Innate announced in late June that its treatment failed in clinical trials. That prompted the value of its stock to fall, meaning Collins lost at least $5 million on his investment virtually overnight.

Stock Collins bought and touted collapses after drug trial failure

But, the ethics complaints on Collins stem from his actions more than a year earlier, when he expanded his investment at a discount in a private stock offering. At the same time, Congress was working on the 21st Century Cures Act, a law that passed late last year that includes a provision, authored by Collins, that aims to speed up clinic trials for biotech companies such as Innate.

That fact prompted Slaughter – who authored the STOCK Act – to accuse Collins of insider trading.

"Beyond the original STOCK Act that said members and staff couldn’t trade on non-public information, Congressman Collins went further and wrote an amendment to the 21st Century Cures Act that benefited him personally,” Slaughter said Monday.

The allegations against Collins go beyond his own investments. Then-Rep. Tom Price, a Georgia Republican who now serves as President Trump's health secretary, bought Innate stock at a discount, too, saying he heard about it from Collins. Price later sold his shares at a profit of $150,000, according to the public disclosure statements he filed.

Several other House members also invested in Innate, as did several Buffalo-area business and community leaders. One of those investors told The Buffalo News he heard about Innate from Collins during a meeting in a congressional office building, which could be a violation of House rules.

Complaints filed with the Office of Congressional Ethics detailed all of those allegations.

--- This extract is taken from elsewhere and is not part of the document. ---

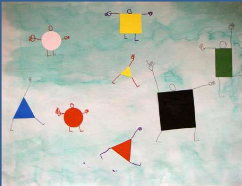
Étape 3 : tracer des membres et des têtes aux feutres "Posca"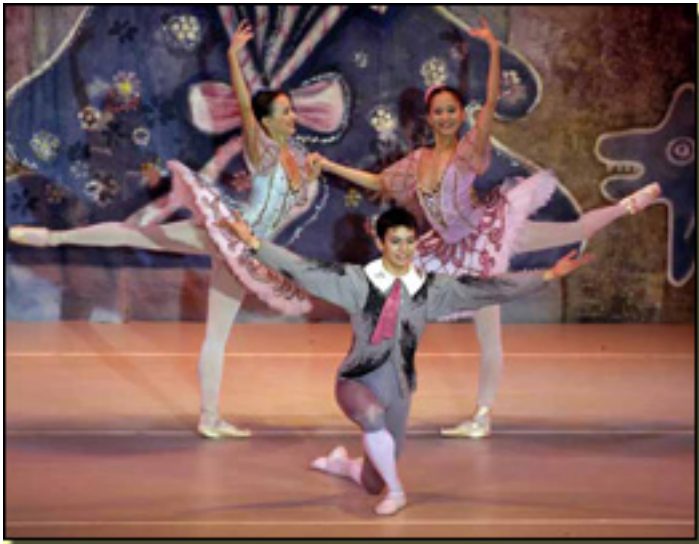
BALLET CLÁSICO DE MOSCÚ B.C.M.

Lunes, 22 de Marzo de 2010 11:51 - Actualizado Martes, 11 de Mayo de 2010 15:36

The Buffalo News reported in May that the Office of Congressional Ethics was investigating Collins' alleged actions, but Monday's announcement from the House Ethics Committee was the first sign that investigators had reason to believe that some of the allegations against Collins may be true.

Established in 2008 after a wave of congressional scandals, the Office of Congressional Ethics is a nonpartisan investigative body that reviews complaints against members of Congress filed by watchdog groups, citizens and other lawmakers.

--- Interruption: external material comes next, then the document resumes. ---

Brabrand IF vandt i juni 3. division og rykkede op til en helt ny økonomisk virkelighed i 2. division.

The office dismisses most of the complaints it receives, but when its board believes that wrongdoing may have occurred -- as it believes regarding Collins -- it refers the matter to the House Ethics Committee.

"The OCE is a fact-finding office," the office said, on its website. "A recommendation for further review does not constitute a determination that a violation occurred, only that the OCE has a substantial reason to believe a violation occurred."

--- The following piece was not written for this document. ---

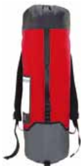
# 2 ローブバッグ レッド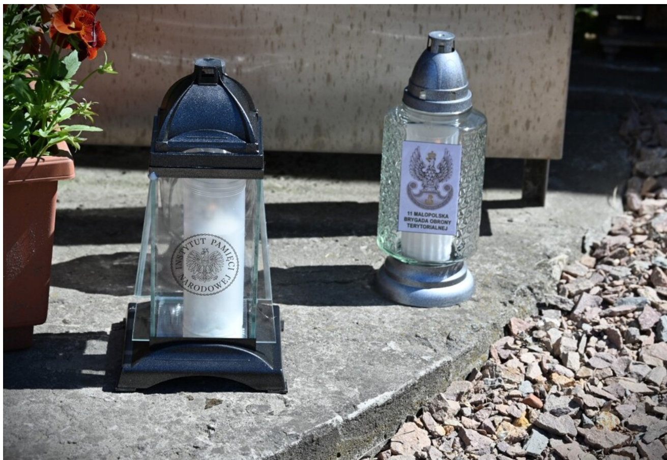
Znicze pamięci w 78. rocznicę śmierci rtm. Witolda Pileckiego.

Amid controversy, other House members bought stock Collins touted

It's up to the Ethics Committee to decide whether Collins violated any House rules or laws. Under House rules, the committee doesn't disclose when it begins an investigation into a lawmaker's actions, but it must disclose the probe if it decides to extend its investigative work by another 45 days.

That's what the Ethics Committee did Monday.

Now, the committee – consisting of an equal number of Democrats and Republicans – and its investigators face a deadline of sorts imposed by House Rules. The committee must say where the Collins probe stands by Oct. 12.

In addition, the committee almost certainly will release the Office of Congressional Ethics report on Collins on or before Oct. 12. From there, the committee can decide whether to end its investigation of Collins without taking action or whether it will recommend that the House punish him.

Possible punishments for congressional wrongdoing range from a fine to a reprimand to a censure to expulsion.

Holman noted that the Ethics Committee is noted for not taking action against House members -- and the committee itself warned not to read too much into the fact that it is investigating Collins.

"The committee notes that the mere fact of a referral or an extension, and the mandatory disclosure of such an extension and the name of the subject of the matter, does not itself indicate that any violation has occurred, or reflect any judgment on behalf of the committee," the panel's news release stated.